The Early Years

Posted on May 17, 2009

In the 70s when the first portable video machines became available I made a couple of promos for local groups. There were no editing devices at that time, so I had to edit in camera. To show the finished result I had to let the group take the portable, complete with a small monitor, around to promote themselves. People were very impressed with the concept, even if they didn’t like the group. It did however get one group a recording contract, The Martels. They released one record. “Time to say Goodnight”. Later, when colour machines arrived and editing was possible I shot groups and bands with 2 cameras. One camera would shoot a wide shot and the other get all the close ups. I then laid down the wide shots and inserted the close ups.

The hardest and most challenging edit I had to do was when someone brought me a video they had shot of a band. They had shot the band on video and recorded the sound on a reel to reel machine but… the video was silent no guide track!. I had to lay the sound on to a video tape, put the pictures on a master tape and then, by watching very closely the vocalists, match up the sound…not easy.

Moving on to the 90s, when editing became more sophisticated, I worked with a company that shot a lot of music concerts in Brunei, Elton John, Bobby Brown, Bryan Adams, James Ingram and many others. We would shoot with up to 8 portable cameras and the sound was recorded on a multi channel mixing desk.

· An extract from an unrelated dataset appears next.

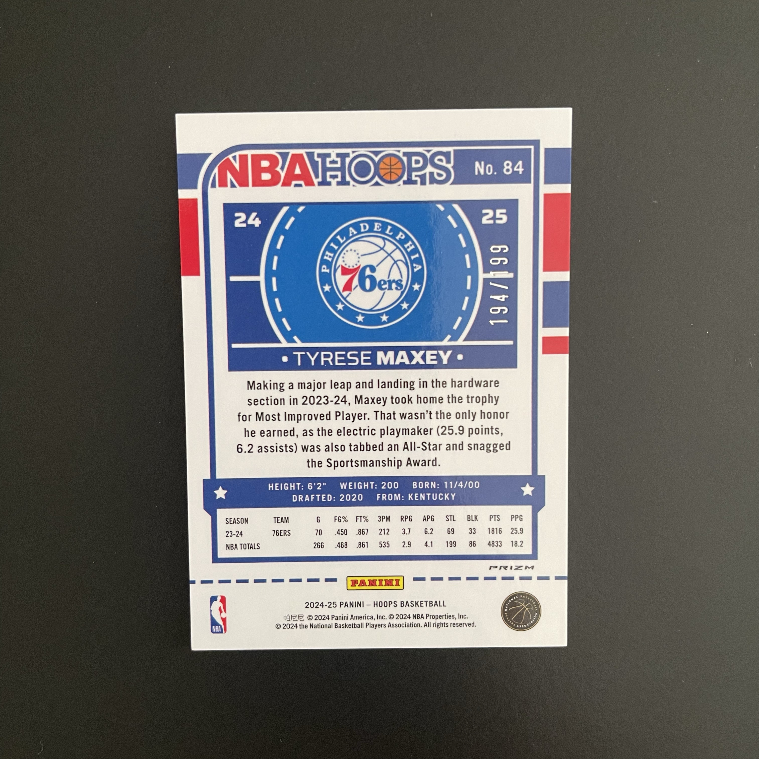 2024-25 Panini hoops Tyrese Maxey Hoops 泰雷塞 马克西 76人 橙折 194/199编 专收凑套必备 卡品如图

It would then take me a week or two to edit. All the cameras had sound, just recorded with the camera microphone, as a guide track. I had a 4 machine edit suite, recorder and 3 playback machines. I would take the tapes from the 3 most important cameras, sync them up and take their best shots then work my way through all the other cameras. When I was happy with the result my master tape went to the sound man who married it up with his final multi channel mix.

If we do something like that today editing is so much easier with non linear! Load everything into the computer, lay all the material onto the time line and away you go.